WHAT THE TASK ASKS:
Using the listing below, set down each line from the line containing "Natural cork yoga" through the line containing "Superbe blouse à", both ends included, exactly and with nothing added.

SUPPLIED DATA:
********

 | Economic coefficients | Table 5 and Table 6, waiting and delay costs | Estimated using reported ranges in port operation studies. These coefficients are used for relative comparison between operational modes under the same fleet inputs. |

********

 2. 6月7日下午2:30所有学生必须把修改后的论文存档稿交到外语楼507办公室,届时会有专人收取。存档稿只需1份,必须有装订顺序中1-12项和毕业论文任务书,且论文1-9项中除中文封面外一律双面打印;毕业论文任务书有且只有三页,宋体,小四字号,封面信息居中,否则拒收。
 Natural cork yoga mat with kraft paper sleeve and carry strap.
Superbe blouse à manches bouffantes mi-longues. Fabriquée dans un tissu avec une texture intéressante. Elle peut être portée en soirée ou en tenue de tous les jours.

********

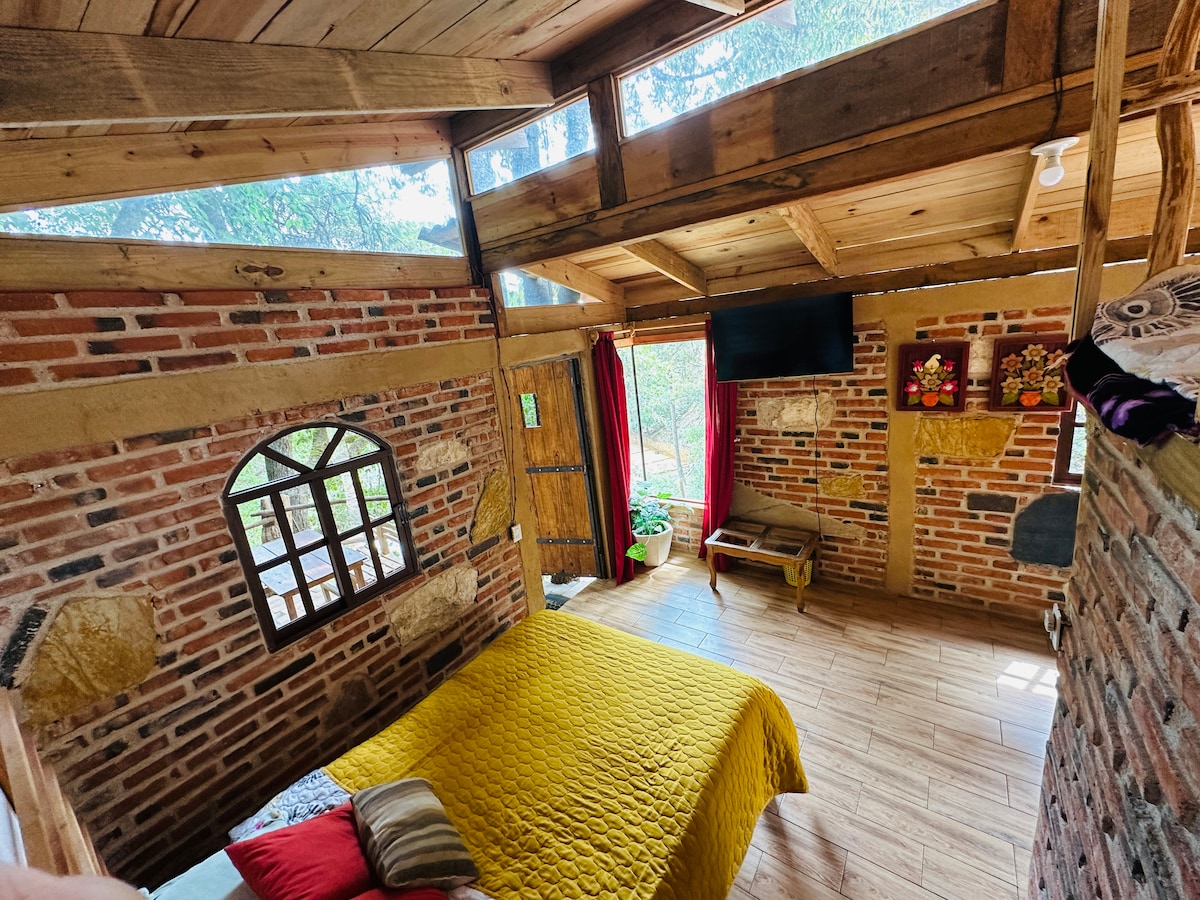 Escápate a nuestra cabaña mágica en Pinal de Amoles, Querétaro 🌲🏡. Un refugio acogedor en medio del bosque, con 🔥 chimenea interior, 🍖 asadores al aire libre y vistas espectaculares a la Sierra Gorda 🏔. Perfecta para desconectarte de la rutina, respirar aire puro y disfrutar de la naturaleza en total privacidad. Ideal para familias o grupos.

********

SOLUTION FOR THIS EXERCISE:
 Natural cork yoga mat with kraft paper sleeve and carry strap.
Superbe blouse à manches bouffantes mi-longues. Fabriquée dans un tissu avec une texture intéressante. Elle peut être portée en soirée ou en tenue de tous les jours.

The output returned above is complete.